Shiva developed casein paint in tubes in 1933. Today, Jack Richeson and Company produces the casein line for Shiva, dedicating itself to restoring the original formulations and qualities of the original line.
Pelikan Plaka is bottled emulsion paint that is ready to use and has a very high opacity.
BioShield produces a dry powder that is mixed with water to form the paint base. Pigment is added to this off-white emulsion to create the blend. They have a selection of ten pastel shades to add to the basic off-white emulsion. Natural pigment can also be mixed with the emulsion.
Kreidezeit is a German company that has produced natural paints and supplies since 1988. They have a line of casein paint that includes 21 colors in dry formulation that are mixed with water to form the paint.
Real Milk boasts a line of 28 powdered pigments that are ready to mix with water. They are organic and will remain usable for several weeks.
Earth Pigments makes a line of natural pigment for use in preparing casein milk paint from a recipe. They have an extensive line of colors as well as a water based milk paint dry powder.

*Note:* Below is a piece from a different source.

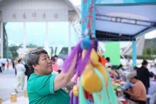 施滿義在攤位上向顧客介紹著刺繡、荷包、胸針等商品。作為自治區(qū)級(jí)非遺傳承人,施滿義非常明白客流量和曝光量對(duì)于非遺文創(chuàng)產(chǎn)品的重要性?!斑@里客流量大,像這個(gè)胸針,今天下午剛擺上沒多久已經(jīng)賣出180多個(gè)了。”

Milk Casein Paint is a medium that has been used for over 9000 years. Its durability and versatility has only been surpassed by the advent of acrylic paint. However, there is an old world appeal to the rich luminous glow that an artist can achieve with this paint that cannot be duplicated with modern technology.
An interested artist should investigate this engaging and rich painting medium. Everyone’s diet needs a little milk.